How slow was the 6502 BASIC compared to Assembly

Question

Imagine a modern computer, where let's say Python is a high level programming language and needs to be interpreted in order to execute a piece of code. You could write some code in C, compile it, which will be much closer to the actual hardware and therefore runs faster.

Now, if we take a C64, if I write a piece of code in BASIC, would it be much slower than Assembly? If so, is there any comparison I could make? Is it even possible to quantify it this way?

What do you consider "close to the hardware?" On a C64 or Apple ][ you could directly PEEK at and POKE into address anywhere in RAM. You were basically doing pointer arithmetic and writing to addresses directly. But your programs were stored as strings which were interpreted, so it was much slower than assembly. — user1118321
– user1118321, Commented Sep 28, 2019 at 23:03
What made MS-Basic (both Apple II and C64) exceptionally slow was all the handling of numbers was done through its floating point routines. So, as soon you had a loop running over a counter in- or decrementing by 1 each iteration – the most common case –, the equivalent assembler code was about 1000 times faster. — Janka
– Janka, Commented Sep 29, 2019 at 0:03
@user1118321: Slight correction: It was common for 1980s BASIC implementations to store programs in memory in a binary "tokenized" format rather than raw ASCII strings.
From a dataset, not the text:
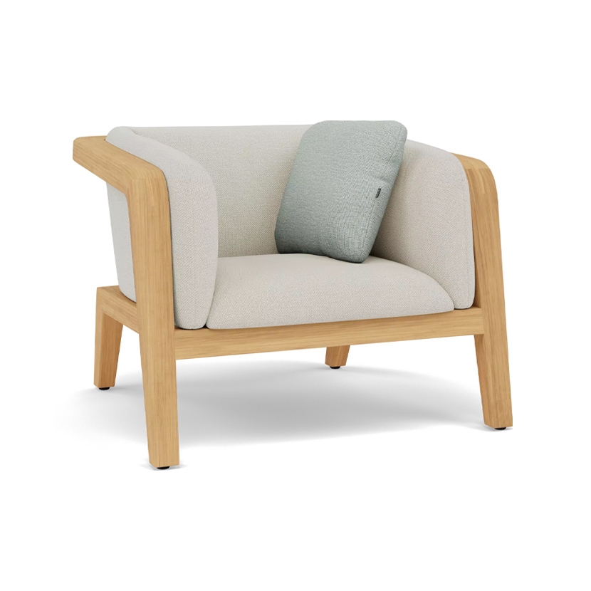 Clean lines and strong curves give Sunrise an undeniably compelling posture, while the warmth of its materials and openness of its frame form an irresistible invitation for endless moments of outdoor enjoyment. Available in warm brushed teak and bold teak scuro, Sunrise includes a complete range of both lounge and dining furniture. Dark teak details and a backrest upholstered in fabric or batyline® complete the design of this robust yet elegant teak collection by Matthew Townsend. From countryside residence to avant-garde hotel or even a futuristic yacht, Sunrise’s versatility makes it a captivating addition to any environment.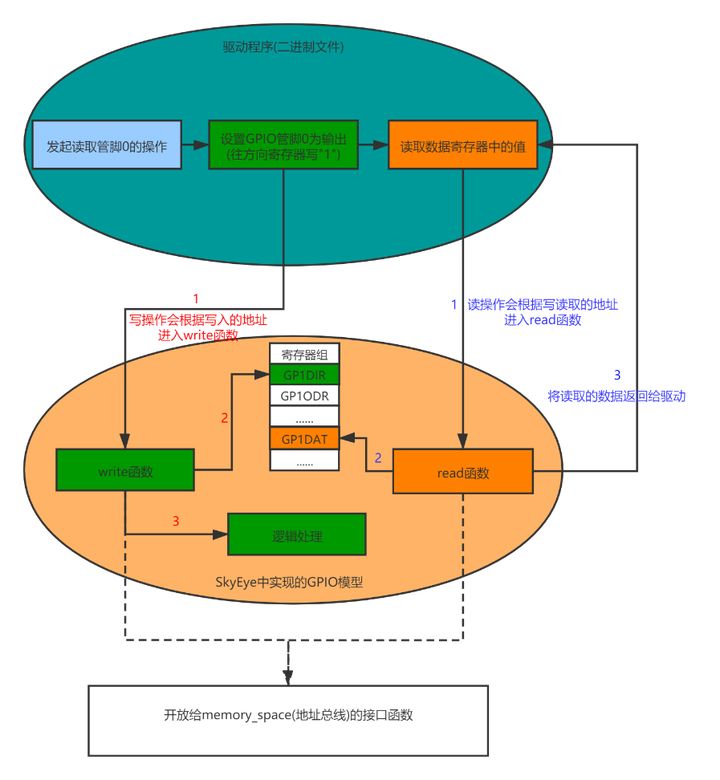 如某一时刻需要从GPIO的某一管脚读取数据,首先需要在驱动中设置GPIO方向寄存器为输出,然后再经过中断等其他操作从该管脚读取数据。设置GPIO方向为输出,相当于往该寄存器中某一个管脚位写“1”。写入1的这个过程可以被SkyEye的模型所获取,模型再根据写入的值实现相应的逻辑。之后驱动再发起读操作读取数据,该过程与写操作类似。整个过程可以参考图1-2-2:

Still, any such intermediate language was still interpreted, slowly. — dan04
– dan04, Commented Sep 29, 2019 at 1:31
@Janka And that's why you had Integer variables (with % suffix) in Applesoft (Apple II Basic) - after all, the first Apple II Basic ("Integer Basic") only used integer variables in the first place. Of course you had to use them, or your loops would still be slow. — dirkt
– dirkt, Commented Sep 29, 2019 at 4:52
C64 BASIC isn't a particularly stellar implementation. While interpreted BASIC will always be slower than assembly language, other systems — particularly the BBC Micro — had far more efficient interpreters. — scruss
– scruss, Commented Sep 30, 2019 at 14:45

cjs · Accepted Answer · 2019-09-30 08:18:39Z

Yes, BASIC is much slower than assembly for many operations. For an easy example, try out this program on a Commodore 64 or emulator:

for i = 1024 to 1984 : poke i,peek(i) or 128 : next

You will see each character on the screen reverse, row by row, over the course of ten seconds. By contrast, the exact same routine in machine language inverts the entire screen in a fraction of a second; there's almost no perceptable gap between the first character and last character being inverted. (The source and a BASIC loader for it are appended below, if you want to see how it works or run it yourself.)

The two main issues that make it much slower are that each line of BASIC is read and interpreted before it's executed, and the data formats used by BASIC often have much higher overhead than the wider variety of formats one can use in machine language.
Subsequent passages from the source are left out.